- What you have to do
Beginning with the line that contains "Camisa relaxed fit", retype the entries below exactly, ending with the line that contains "한국 스타일 블랙 빈티지". Leave out any pictures.

** Input follows **

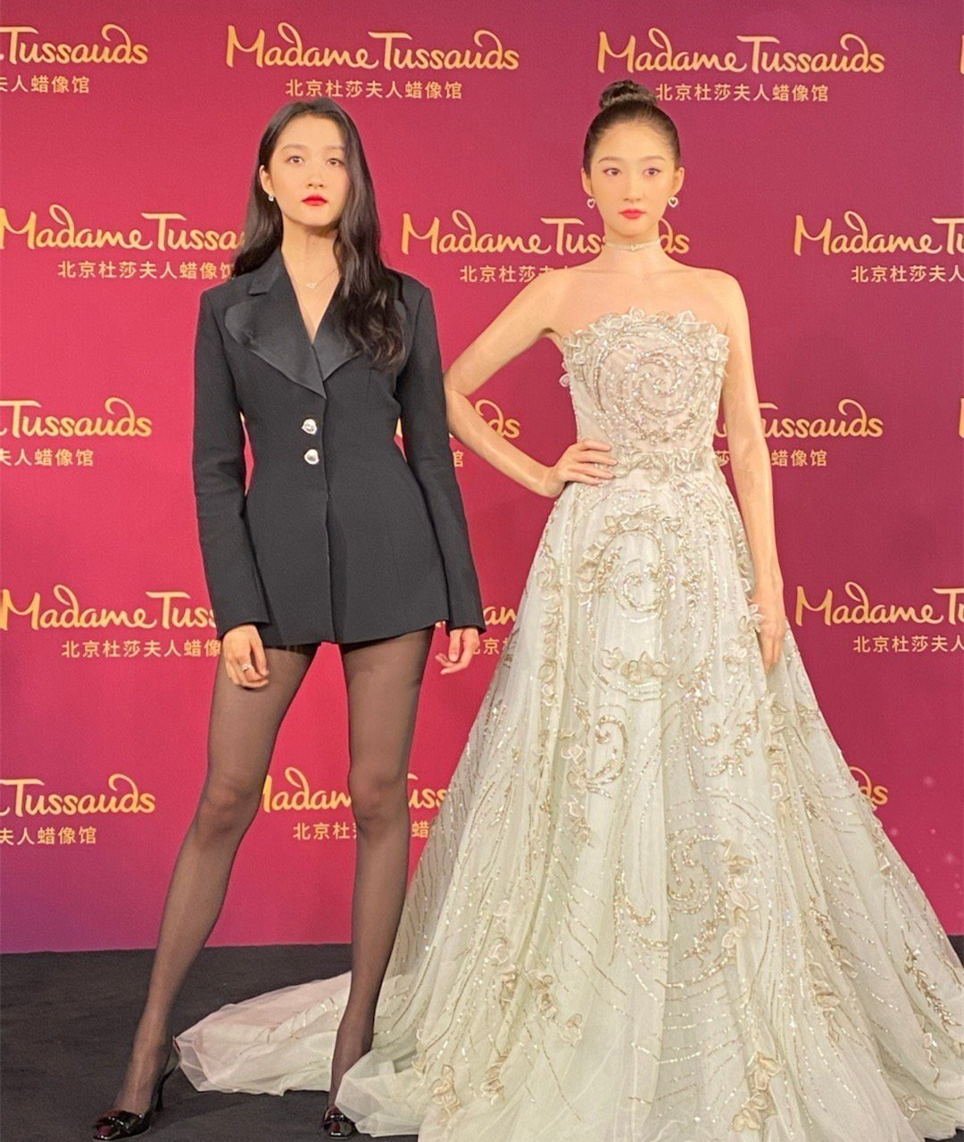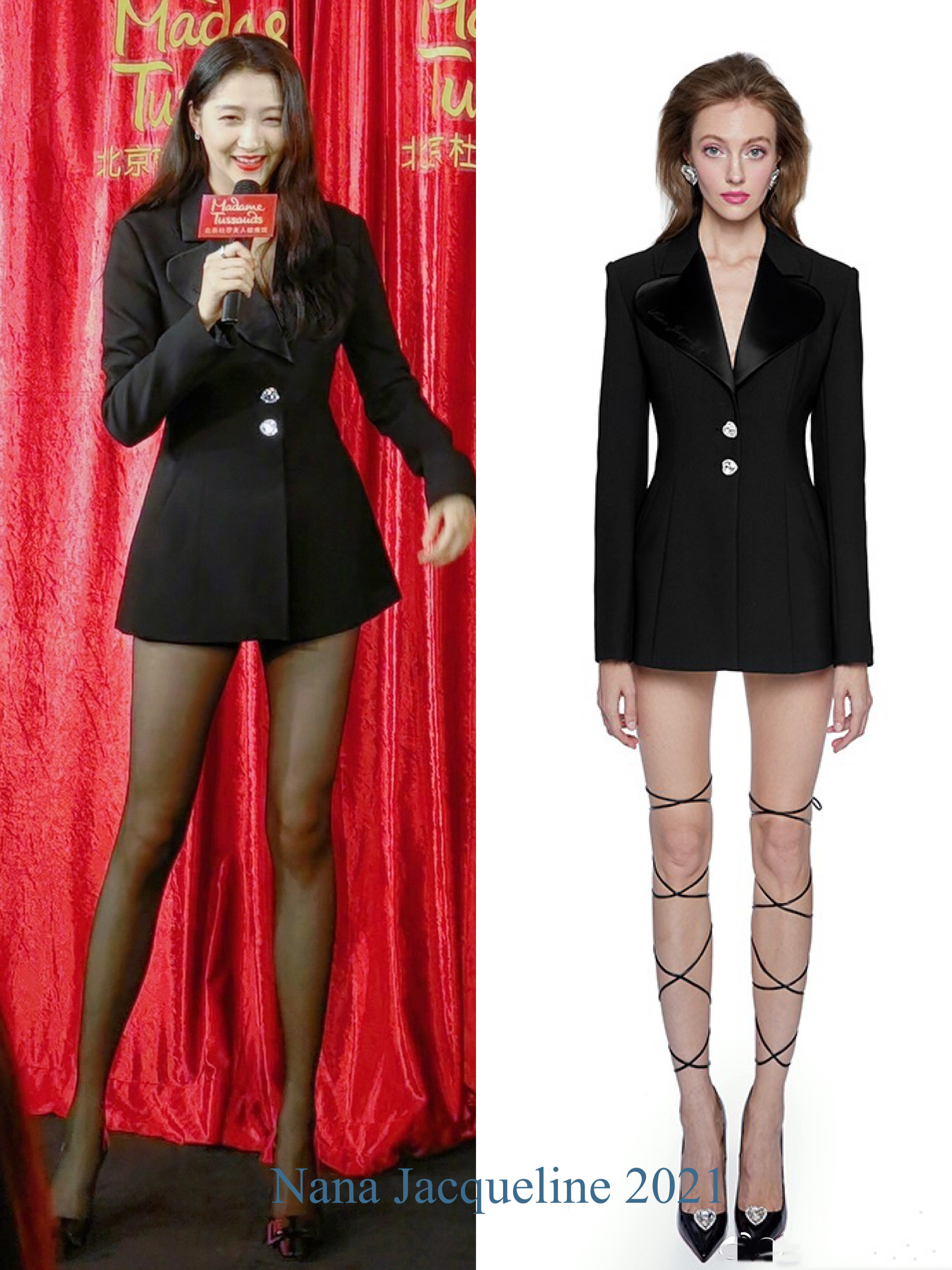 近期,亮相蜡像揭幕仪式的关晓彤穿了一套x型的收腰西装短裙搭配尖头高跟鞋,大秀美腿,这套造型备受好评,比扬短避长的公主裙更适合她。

** End of Input **
** Input follows **

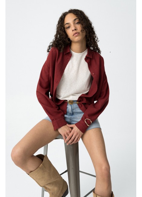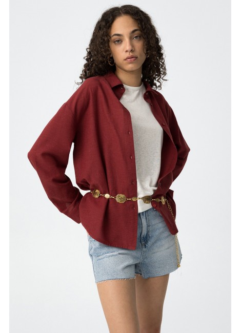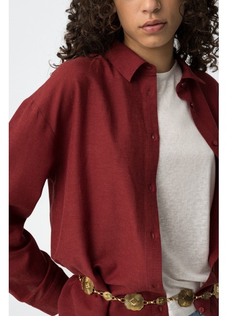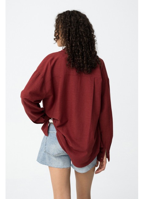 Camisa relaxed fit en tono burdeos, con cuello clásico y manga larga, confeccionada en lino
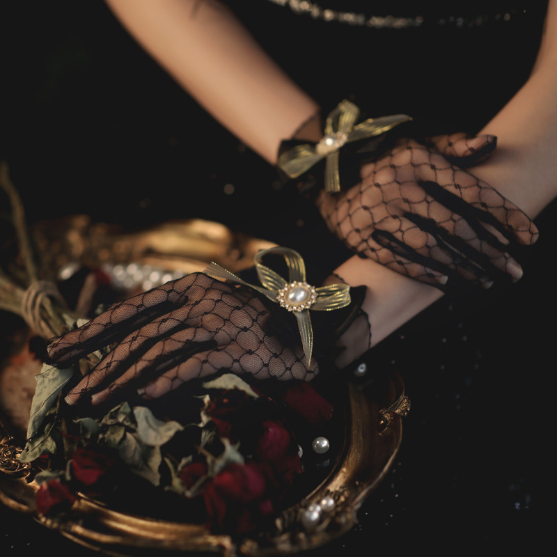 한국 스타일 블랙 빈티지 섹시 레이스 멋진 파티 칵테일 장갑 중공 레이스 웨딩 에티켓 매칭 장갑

** End of Input **

- Answer to this problem
 Camisa relaxed fit en tono burdeos, con cuello clásico y manga larga, confeccionada en lino
 한국 스타일 블랙 빈티지 섹시 레이스 멋진 파티 칵테일 장갑 중공 레이스 웨딩 에티켓 매칭 장갑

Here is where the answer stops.